And now a public service market announcement (with the captioned title) from your friendly local mankind-hating envirofascist, courtesy of Dave Schwab of Green Change, who is apparently the author of the following missive that found its way into my email inbox:
President Obama has proposed a whopping $54 billion in loan guarantees for the construction of new nuclear power plants.
What does that mean? If the costly new nuclear plants aren't finished, then taxpayers cover the huge financial loss.

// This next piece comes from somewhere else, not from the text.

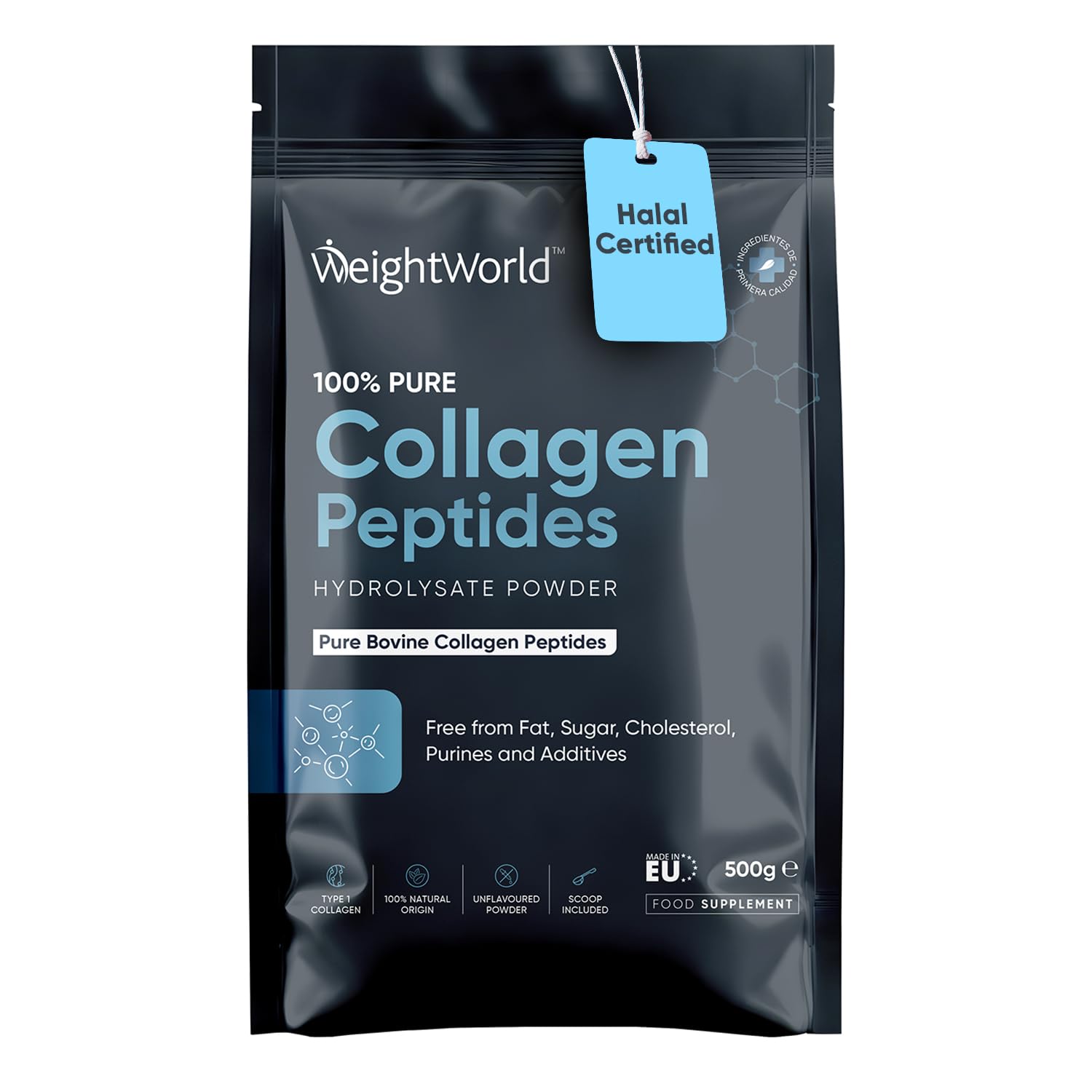 Hydrolysate Bovine Collagen Powder | 500g | Collagen Peptides Powder | Rich in 8 Essential Amino Acids | 50 Servings | Type-1 Collagen Supplements for Women & Men | Halal Certified | Scoop Included

If they are built, then we're stuck with power plants that generate
overpriced electricity and create deadly radioactive waste that will
remain toxic for thousands of years.
Either way, the nuclear industry wins, and we lose.
Tell President Obama to stop the nuclear power boondoggle.
Nuclear power creates deadly radioactive waste, from the mining process
onwards. It's got a scary history: think Chernobyl and Three Mile
Just recently, a nuclear plant in Vermont was ordered shut down after
radioactive tritium, which is linked to cancer, leaked from the plant
into local water supplies.
Nuclear power is so financially risky that even Wall Street won't bet
on it. It's a public health and financial disaster waiting to happen.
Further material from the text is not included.